◆ Exercise details ◆
All that is wanted is the exact text of the lines below from the one with "This powered medical" through the one with "Located on one", inclusive, minus any pictures.

◆ Source records ◆
§

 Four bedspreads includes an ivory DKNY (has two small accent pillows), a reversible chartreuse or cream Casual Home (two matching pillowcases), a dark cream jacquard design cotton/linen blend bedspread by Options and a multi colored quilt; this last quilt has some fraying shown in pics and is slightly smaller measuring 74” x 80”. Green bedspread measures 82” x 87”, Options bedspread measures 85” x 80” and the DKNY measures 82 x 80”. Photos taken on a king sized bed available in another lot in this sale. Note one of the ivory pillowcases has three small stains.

§

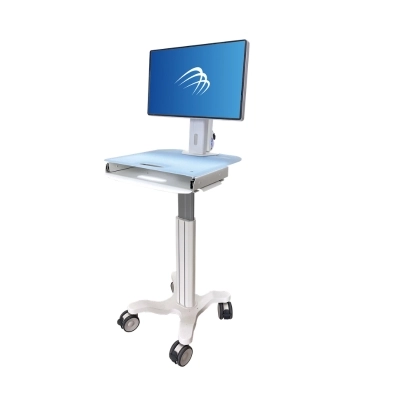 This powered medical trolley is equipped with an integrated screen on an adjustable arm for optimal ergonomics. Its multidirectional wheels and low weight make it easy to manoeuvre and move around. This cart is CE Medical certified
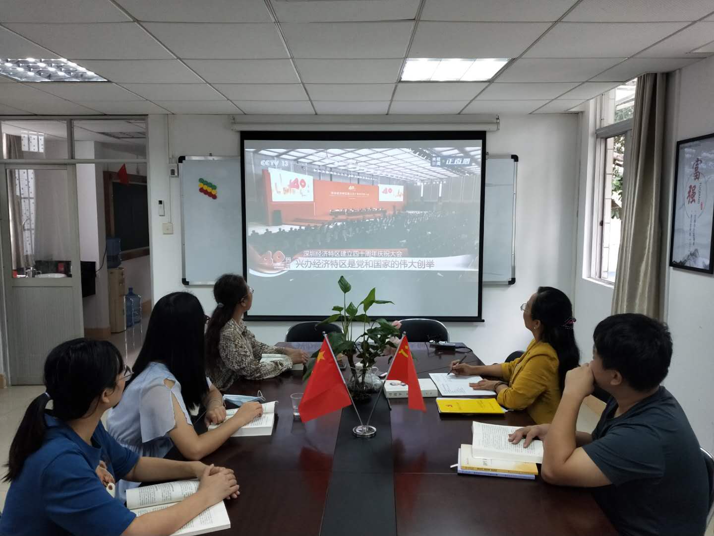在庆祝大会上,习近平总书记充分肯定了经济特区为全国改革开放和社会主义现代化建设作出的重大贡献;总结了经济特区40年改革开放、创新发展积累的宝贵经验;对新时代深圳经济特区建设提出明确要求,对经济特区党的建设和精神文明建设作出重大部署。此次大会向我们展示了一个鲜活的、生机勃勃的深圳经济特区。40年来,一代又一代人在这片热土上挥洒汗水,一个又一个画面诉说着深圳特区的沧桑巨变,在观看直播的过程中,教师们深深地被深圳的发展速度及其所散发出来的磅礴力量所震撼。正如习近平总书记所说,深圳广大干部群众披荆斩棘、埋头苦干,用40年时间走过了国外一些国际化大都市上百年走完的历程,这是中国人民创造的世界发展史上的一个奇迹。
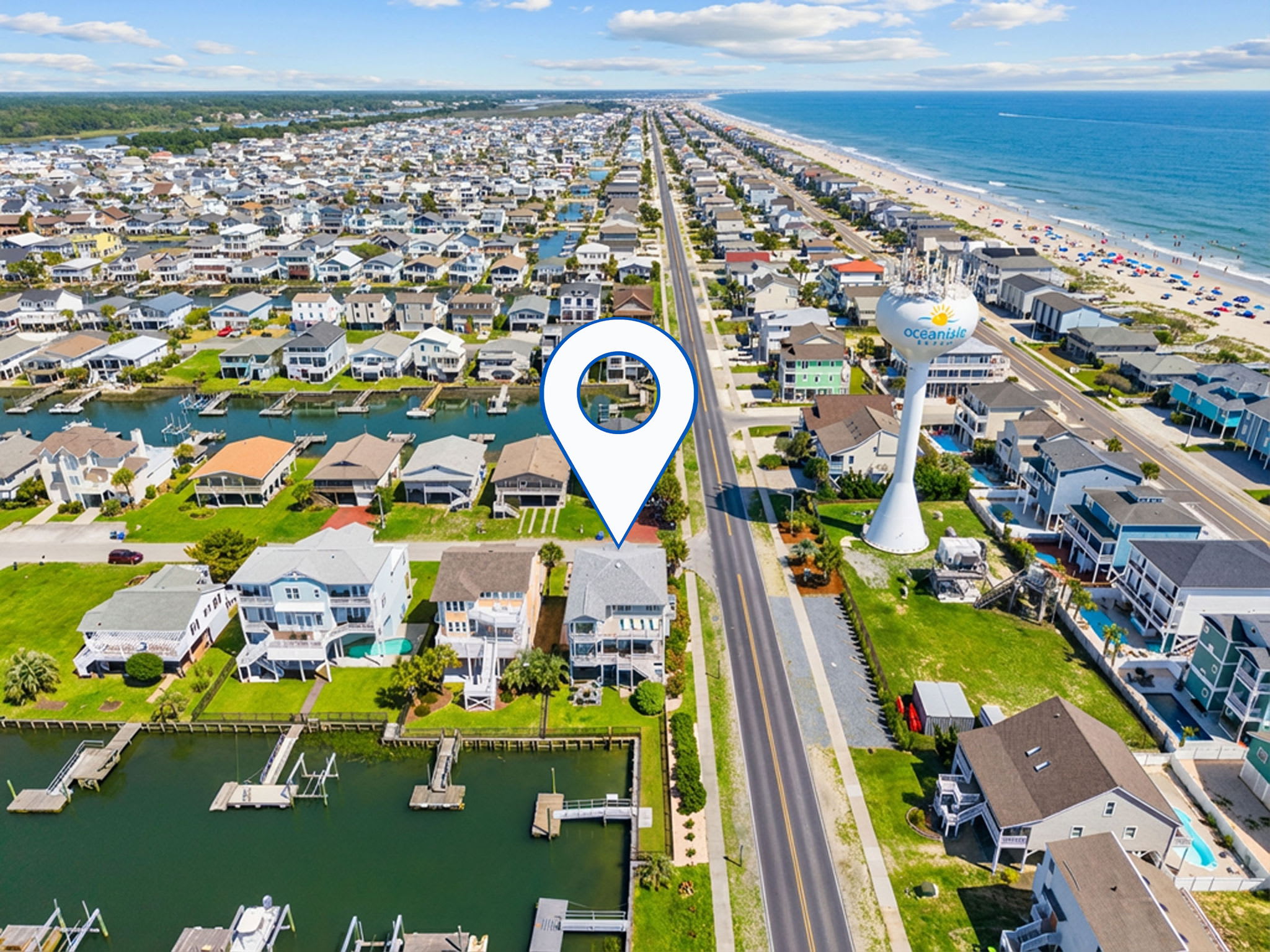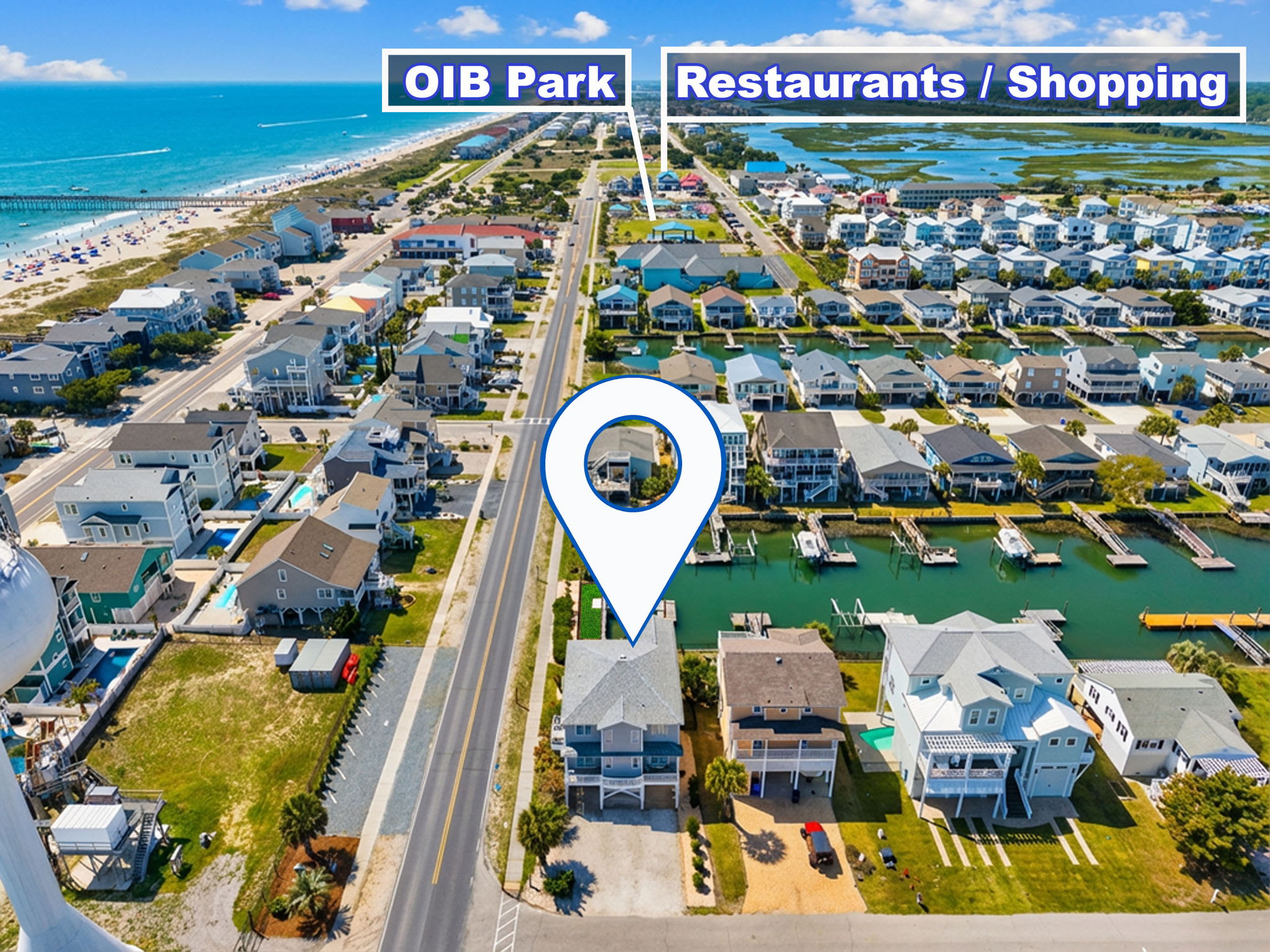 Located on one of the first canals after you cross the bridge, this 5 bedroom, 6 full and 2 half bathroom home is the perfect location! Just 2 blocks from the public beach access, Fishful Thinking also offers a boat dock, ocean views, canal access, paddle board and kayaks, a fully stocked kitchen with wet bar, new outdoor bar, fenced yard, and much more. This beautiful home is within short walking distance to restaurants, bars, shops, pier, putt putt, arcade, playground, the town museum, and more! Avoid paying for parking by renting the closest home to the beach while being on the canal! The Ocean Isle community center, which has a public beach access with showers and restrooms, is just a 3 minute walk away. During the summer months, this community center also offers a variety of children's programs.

§

◆ Response box ◆
 This powered medical trolley is equipped with an integrated screen on an adjustable arm for optimal ergonomics. Its multidirectional wheels and low weight make it easy to manoeuvre and move around. This cart is CE Medical certified
在庆祝大会上,习近平总书记充分肯定了经济特区为全国改革开放和社会主义现代化建设作出的重大贡献;总结了经济特区40年改革开放、创新发展积累的宝贵经验;对新时代深圳经济特区建设提出明确要求,对经济特区党的建设和精神文明建设作出重大部署。此次大会向我们展示了一个鲜活的、生机勃勃的深圳经济特区。40年来,一代又一代人在这片热土上挥洒汗水,一个又一个画面诉说着深圳特区的沧桑巨变,在观看直播的过程中,教师们深深地被深圳的发展速度及其所散发出来的磅礴力量所震撼。正如习近平总书记所说,深圳广大干部群众披荆斩棘、埋头苦干,用40年时间走过了国外一些国际化大都市上百年走完的历程,这是中国人民创造的世界发展史上的一个奇迹。
 Located on one of the first canals after you cross the bridge, this 5 bedroom, 6 full and 2 half bathroom home is the perfect location! Just 2 blocks from the public beach access, Fishful Thinking also offers a boat dock, ocean views, canal access, paddle board and kayaks, a fully stocked kitchen with wet bar, new outdoor bar, fenced yard, and much more. This beautiful home is within short walking distance to restaurants, bars, shops, pier, putt putt, arcade, playground, the town museum, and more! Avoid paying for parking by renting the closest home to the beach while being on the canal! The Ocean Isle community center, which has a public beach access with showers and restrooms, is just a 3 minute walk away. During the summer months, this community center also offers a variety of children's programs.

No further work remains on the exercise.